Start—|—|—|—|—End , and denote the lengths of these segments: \(t,u,x,y,z\).
So we can split the events into several parts:
1) A drops 1st (time 1=\(t+u+x\))
2) goes back to the other two (time 2=\(x+u\))
3) picks 2nd, goes back to 1st (time 3=\(x+u+y\))
4) goes back to the last (time 4=\(x+y\))
5) they all rush to home (time 5=\(x+y+z\))
This way we create several segments of the trip:
Case 1) Suppose 1st is B, 2nd is D, 3rd is C.
Then during the time C walks \(t\), then A walks \(t+2u+2x\) (she returns). So we have the equation: \(\begin{equation} 30t/L=10/L(t+2u+2x), \mbox{ time 1+time 2} \end{equation}\) Similarly, we obtain the following equations: \(\begin{equation} 20y/L=10/L(2u+2x+y), \mbox{ time 2+time 3} \end{equation}\) \(\begin{equation} 30u/L=10/L(u+2x+2y), \mbox{ time 3+time 4} \end{equation}\)
\(\begin{equation} 20z/L=10/L(2x+2y+z), \mbox{ time 4+time 5} \end{equation}\)
\(\begin{equation} t+u+x+y+z=L \end{equation}\) Note that total time is \(T=\) time 1+time 2+time 3+ time 4+ time 5\(=10/L(t+3u+5x+3y+z)=10/L(L+2u+4x+2y)\)
Solving the above system of equations we obtain … negative \(T\). We return to this case later. If we have other cases, note that only the right hand terms change, which are the ones corresponding to: max(2nd,3rd) (equation1), 1st (equation2), 3rd (equation 3), max(1st,2nd) (equation 4). For case 1) these were (3,2,3,2)*10.
Case 2) (1st,2nd,3rd)=(B,C,D). Coefficients (3,2,6,2). We calculate \(T=510/29\sim 19=17.5862\). Case 3) (1st,2nd,3rd)=(C,B,D). Coefficients (2,3,6,2). Here, \(T=205/12\sim 17.0833\)
Case 4) (1st,2nd,3rd)=(C,D,B). Coefficients (2,3,2,3). Here \(T\) negative
Case 5) (1st,2nd,3rd)=(D,B,C). Coefficients (2,6,3,2). Here \(T=205/12\sim 17.0833\)
Case 6) (1st,2nd,3rd)=(D,C,B). Coefficients (2,6,2,3). Here \(T=510/29\sim 17.5862\)

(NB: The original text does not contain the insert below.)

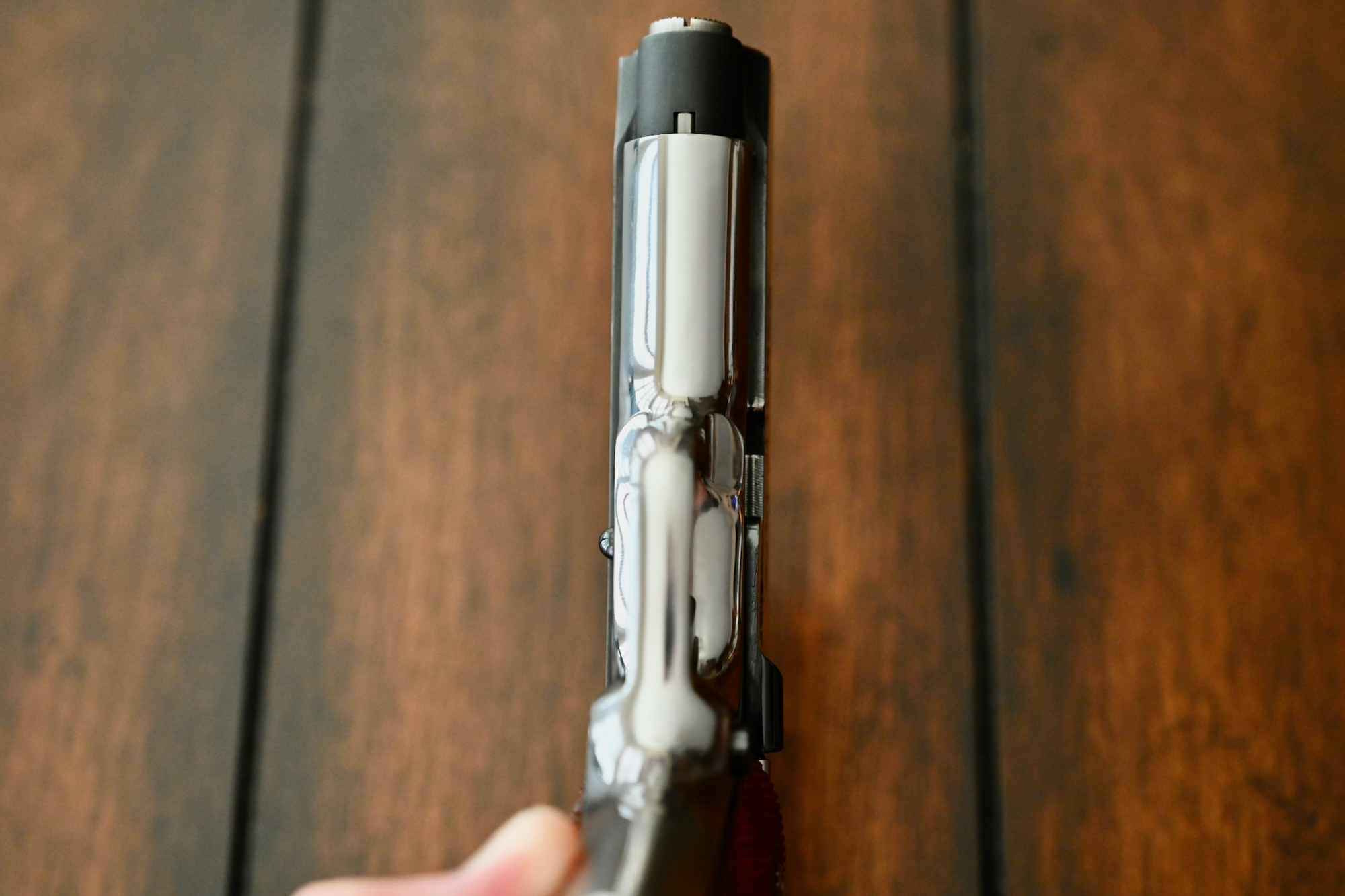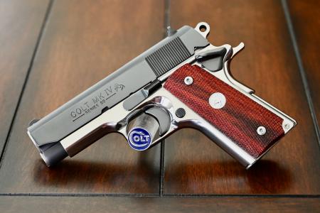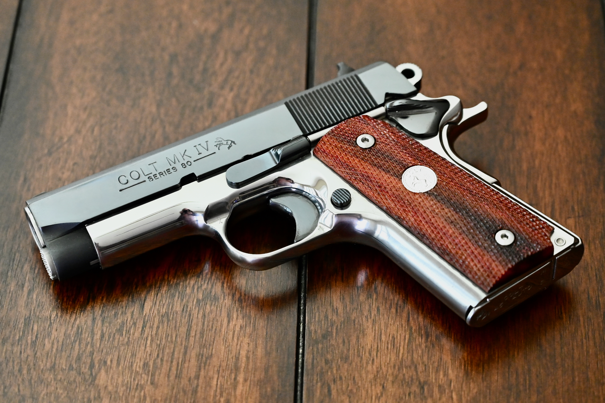 Featuring a 3.5” barrel, and a mirror-like bright stainless steel frame w/ a polished blue slide, it is one of the prettiest short-barreled Colt autos that you will ever see. The contrasting bright stainless and high polished blued finish, really creates a striking visual contrast, and certainly highlights Colt’s craftsmanship. The compact design is based on the Officer’s ACP, a shortened version of Colt’s iconic Government Model 1911, which makes it an excellent choice for concealed carry, or as a distinguished collector’s item.
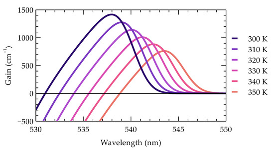 Nitride materials, such as GaN, InGaN, InAlN, and AlN, exhibit significant shifts in emission wavelength as a function of temperature, which impact the stability and performance of optoelectronic devices like LEDs and edge-emitting lasers. The values for these materials typically range from 0.1 nm/K to 0.4 nm/K, depending on the device structure and operating conditions [65,66,67,68,69]. For the structure under consideration, this is illustrated in Figure 3, which shows the calculated material gain in the laser’s active region as a function of wavelength for various temperatures. As the temperature increases, a reduction in gain is observed, accompanied by a red shift in the gain peak relative to the target emission wavelength. Consequently, temperature affects other parameters, such as threshold current and efficiency, emphasizing the importance of effective thermal management in these devices, especially under extreme conditions, where wavelength shifts can reach up to 0.5 nm/K.

The fact that we get negative results for cases 1 and 4 is because the model is incorrect. Say we are in case 1) (B,D,C). What happens is that when A returns to C second time to pick her, C already passed the point where A dropped B. So we have to adjust the equations to: \(30t=10(t+2u),20(x+y)=10(2u+x+y)\),\(30(u+x)=10(u+x+2y),20z=10(2y+z)\) which lead to time \(T=10/L(L+2u+2y)=120/7=17.1429\). The case 4) (C,D,B) also leads to same time.
The system of equations were solved with computer algebra. In conclusion, the ideal set up is case 3 and case 5 with the time:205/12\(\sim 17.0833\).
Discussion:
1) One can see that the solution is valid for any distance from playground to home or any intermediary distance. That is if he have, say, halved the distance, the optimal solution is the same and we just halve the time. So the solution includes the 4 siblings repeating the above procedure again and again on any intermediary distance. Naturally that can be done a finite number of times.
2) If there is no intermediary meeting of all 4 or of 3 of them, then the minimal time is when A, B rush to the end, in which case \(T=20\).
3) If there is no intemediary meeting of all 4 but 3 of them meet again. This case happens if A at some point drops a player and goes back for other one. An optimal way as we have seen is, in the final stage to pass a player to the leading one. So there is a final \(z\) and an initial segment \(t\). The solution is given above.